### Instructions for the task
With the pictures left aside, write out exactly the lines of the listing below from the line with "Touna Three Fakta" to the line with "удается, меняем прокладку.", both included, and only those.

### Records shown
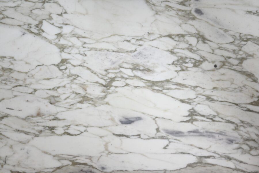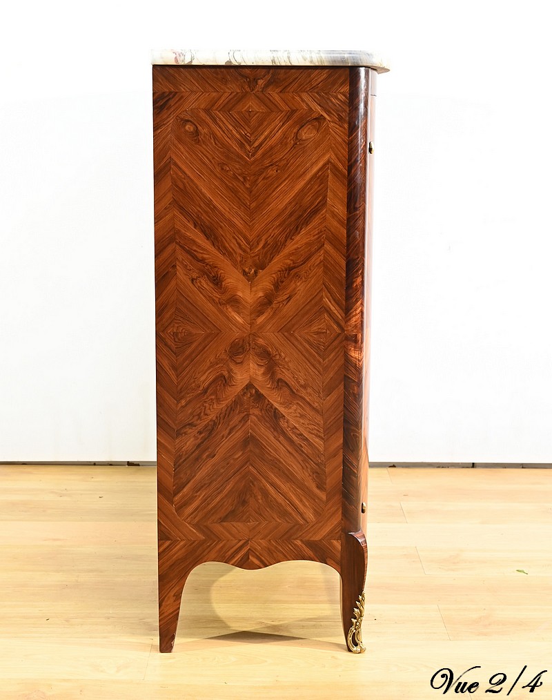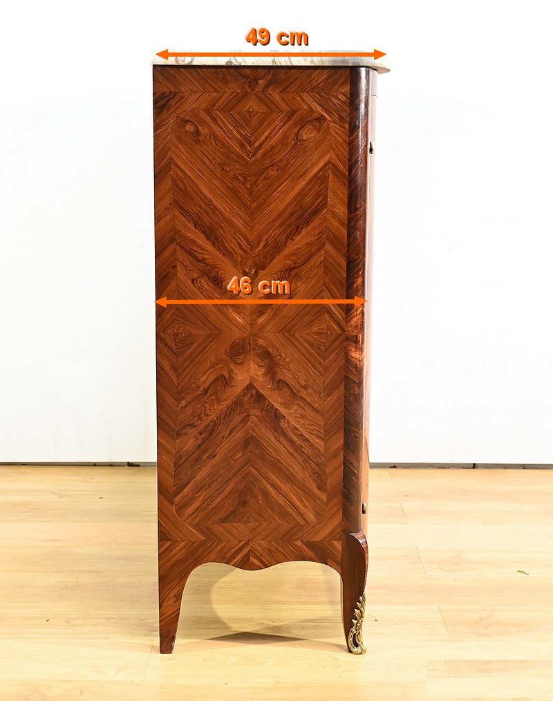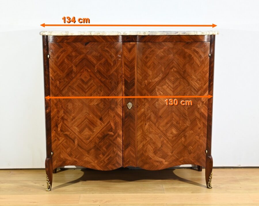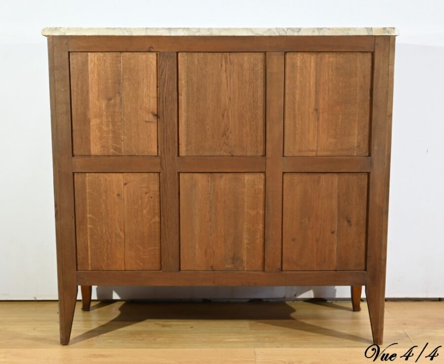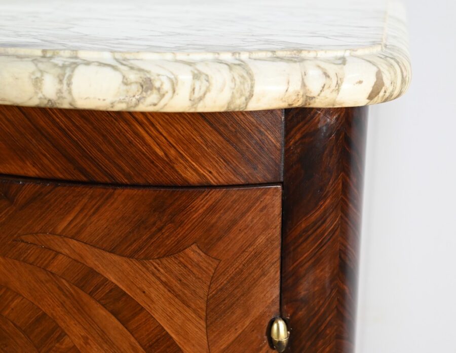 Ce meuble est sommé d’un marbre blanc et légèrement violet aux veines grises, d’une épaisseur de 3 cm, avec bec-de-corbin.
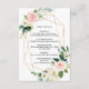 Elegant Wedding Details Card featuring painted watercolor flowers in blush pink, white and green foliage with a geometric gold frame. For more advanced customisation of this design, Please click the "Customise" button. Matching items are also available.
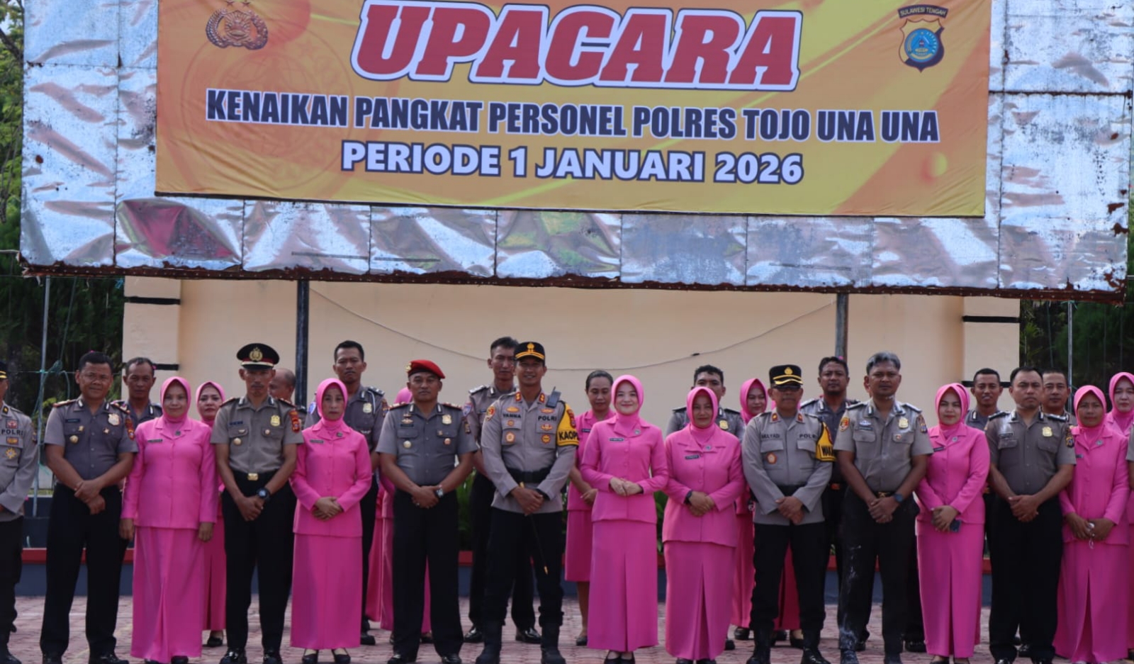 Touna Three Fakta News-Kapolres Tojo Una-Una (Touna) AKBP Yanna Djayawidya, memimpin upacara kenaikan pangkat sebanyak 38 personelnya periode 1 Januari 2026, di halaman Mapolres Touna, Rabu (31/12/2025).
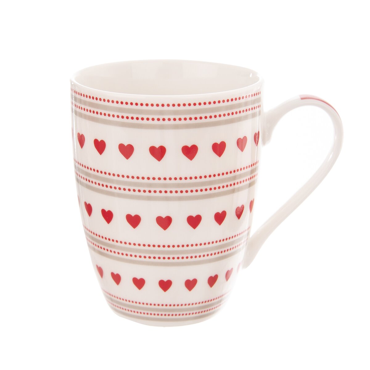 Kód produktu 128804Červený porcelánový hrnček s objemom 0,35 l s dekórom bielych prúžkov a srdiečok.
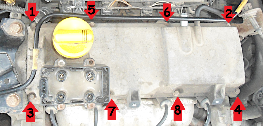 — Течь масла под клапанную крышку можно попробовать устранить подтяжкой болтов ее крепления. Сначала немного отпускаем болты крепления, а затем затягиваем согласно схеме затяжки. Если не удается, меняем прокладку.
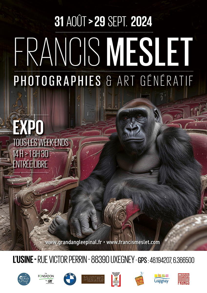 Fort de quinze années d’exploration urbaine en tant que photographe de la poésie des ruines, à l’aide de l’intelligence artificielle, Francis Meslet nous emmène à la découverte d’un monde imaginaire abandonné dans un futur pas si lointain. Bien plus qu’une simple documentation iconographique imaginaire ce travail est une tentative de réconciliation entre le futur et le passé, une méditation sur la fragilité de la mémoire collective. Avec son regard aiguisé, il s’invente poète de la décrépitude, capturant l’âme de la négligence, faisant de chaque image un cri silencieux dans le désert de l’indifférence contemporaine. Auteur photographe, passionné de patrimoine, d’architecture et de paysage urbain, l’artiste parcourt le monde à ses heures perdues, à la recherche de lieux en déshérence, sanctuaires sur lesquels le temps s’est arrêté après que l’homme en ait refermé les portes. Il en ramène des images saisissantes, capsules temporelles témoignant d‘un univers parallèle silencieux, propice à l’évasion de l’esprit et à l’interrogation. Il a photographié à travers l’Europe plusieurs centaines de lieux oubliés. Ces endroits ont fait place au silence au fil du temps. On n’y entend plus guère que le bruissement du vent s’engouffrant par une vitre brisée ou le rythme régulier d’une goutte d’eau qui perle au plafond. « J’en rapporte des images qui témoignent d’une activité passée, d’architectures en déshérence dans les domaines du patrimoine religieux, industriel, santé, spectacle, loisirs… C’est absolument fascinant de pénétrer dans un lieu où des gens ont vécu et ont laissé leurs marques : leurs effets personnels, les meubles, les traces de leurs habitudes… parfois toute une vie se lit entre les toiles d’araignées, quand on pousse la porte de l’un d’entre eux. J’essaie de rester le plus proche possible de la réalité et, représenter au mieux les lieux visités en restant le plus fidèle possible à ce que j’ai ressenti lors de la visite. »
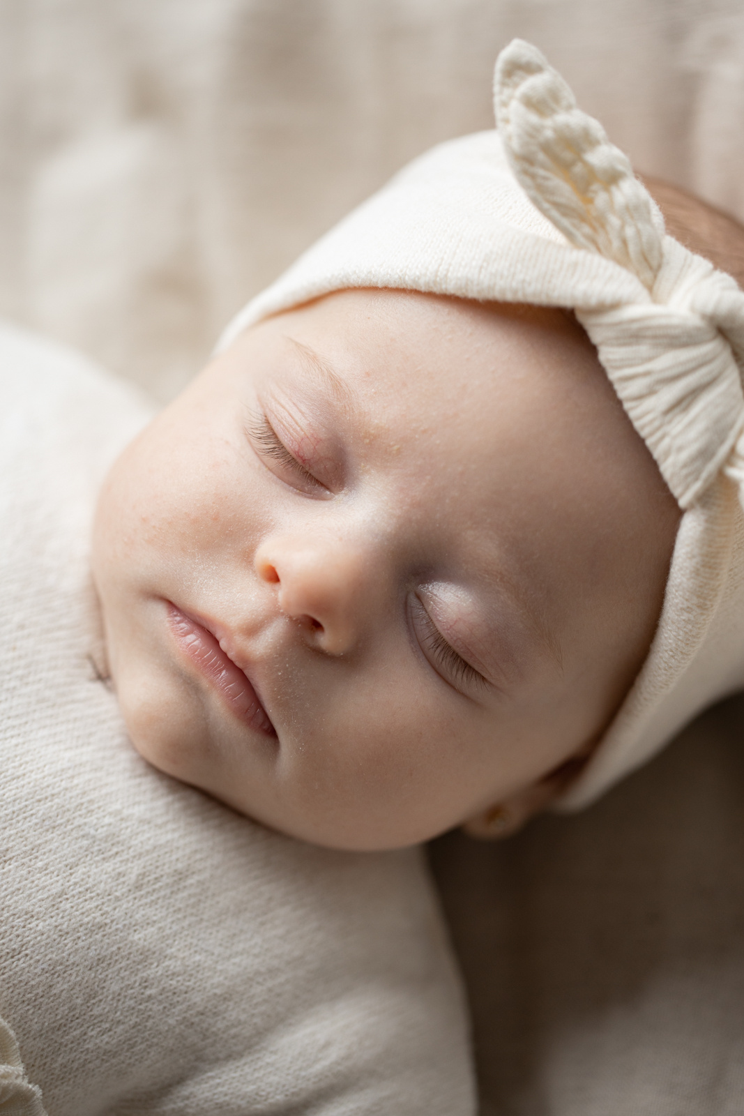 Zachte baby haarband in een prachtige ecru kleur met een knoop detail. One more in the family valt iets kleiner dan normaal. Zie onderaan de pagina een overzicht van de maten.
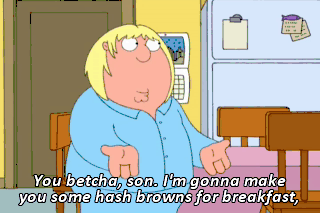 You betcha, son. I'm gonna make you some hash browns for breakfast,
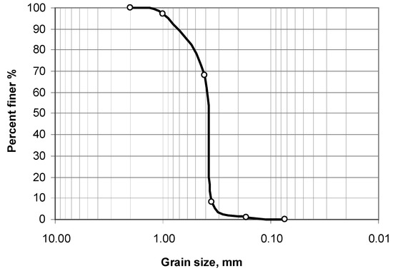 In the experimental study, uniform, clean and fine sand taken from the Seyhan riverbed was used as soil. After the sand material was subjected to pre-washing and sieving processes, it was dried in air, and a sieve analysis test was carried out to determine the particle size distribution in accordance with ASTM D422-63 [24]. It is shown in Figure 4. The classification of the sand material was determined as poorly graded sand (SP) according to the Unified Soil Classification System (USCS). In Table 1, the general physical properties of the sand used in the experiments are summarized.
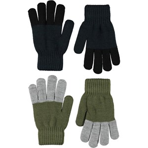 2 Paar gevoerde gebreide handschoenen. Een paar is donkerblauw met zwarte vingers en de andere is groen met lichtgrijze vingers.
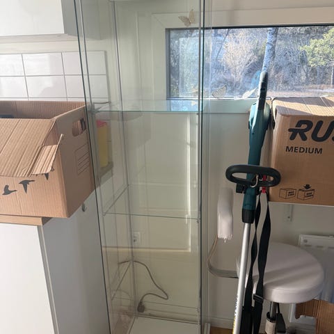Säljer ett vitt vitrinskåp i gott skick. Perfekt för förvaring och display av glas, porslin eller dekorationer. Passar bra i mindre utrymmen tack vare sitt smidiga format.
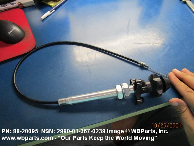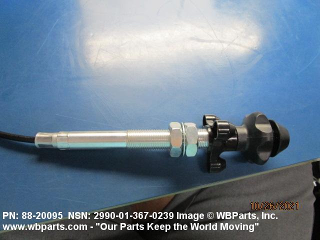 2990-01-367-0239 A control consisting of a wire, wire rope, or a center load rail with ball bearings, within a flexible conduit. One end must have a threaded sleeve for mounting to a wall, bulkhead, or handle, or clevis. It is used to operate or control, either manually or mechanically a mechanical device. It may include such attaching devices as nut(s), washer(s), clevis, bracket(s), and/or the like. For items designed to transmit rotary motion, see SHAFT ASSEMBLY, FLEXIBLE.20516800049Miscellaneous Aircraft Accessories and Components25900034Miscellaneous Vehicular Components29900045Miscellaneous Engine Accessories, Nonaircraft29950042Miscellaneous Engine Accessories, Aircraft30400042Miscellaneous Power Transmission Equipment
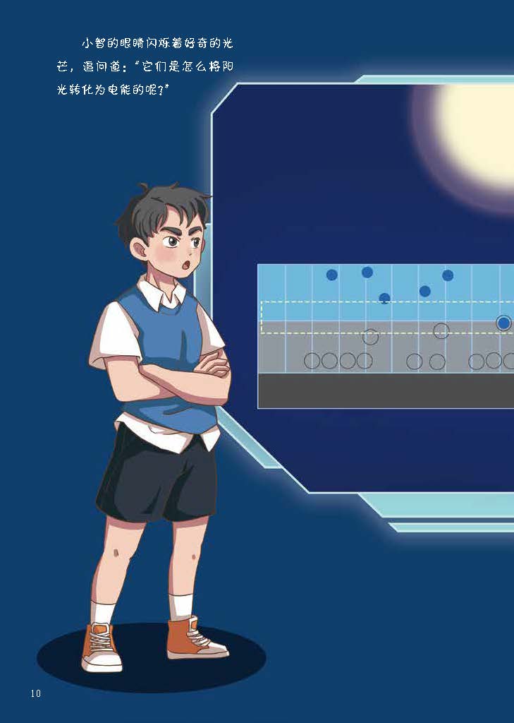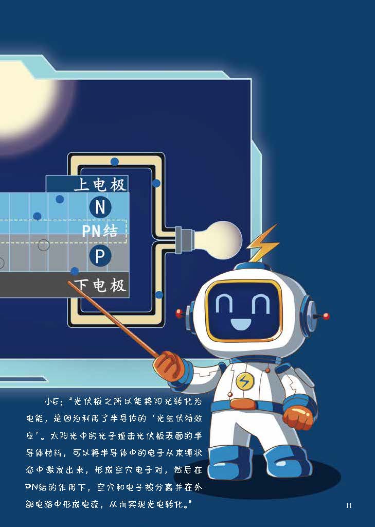 以小E和小智的探险之旅为主线,通过“时空穿梭机”,将光伏板发电的科学原理以趣味故事的形式呈现,将N型硅板与P型硅板的功能形象化,使读者易于理解。旨在激发读者对科学的兴趣,展现科技的神奇与魅力,同时传递出探索与求知的重要性,鼓励读者保持好奇心,探索未知的科学世界。

### Problem solution
 Touna Three Fakta News-Kapolres Tojo Una-Una (Touna) AKBP Yanna Djayawidya, memimpin upacara kenaikan pangkat sebanyak 38 personelnya periode 1 Januari 2026, di halaman Mapolres Touna, Rabu (31/12/2025).
 Kód produktu 128804Červený porcelánový hrnček s objemom 0,35 l s dekórom bielych prúžkov a srdiečok.
 — Течь масла под клапанную крышку можно попробовать устранить подтяжкой болтов ее крепления. Сначала немного отпускаем болты крепления, а затем затягиваем согласно схеме затяжки. Если не удается, меняем прокладку.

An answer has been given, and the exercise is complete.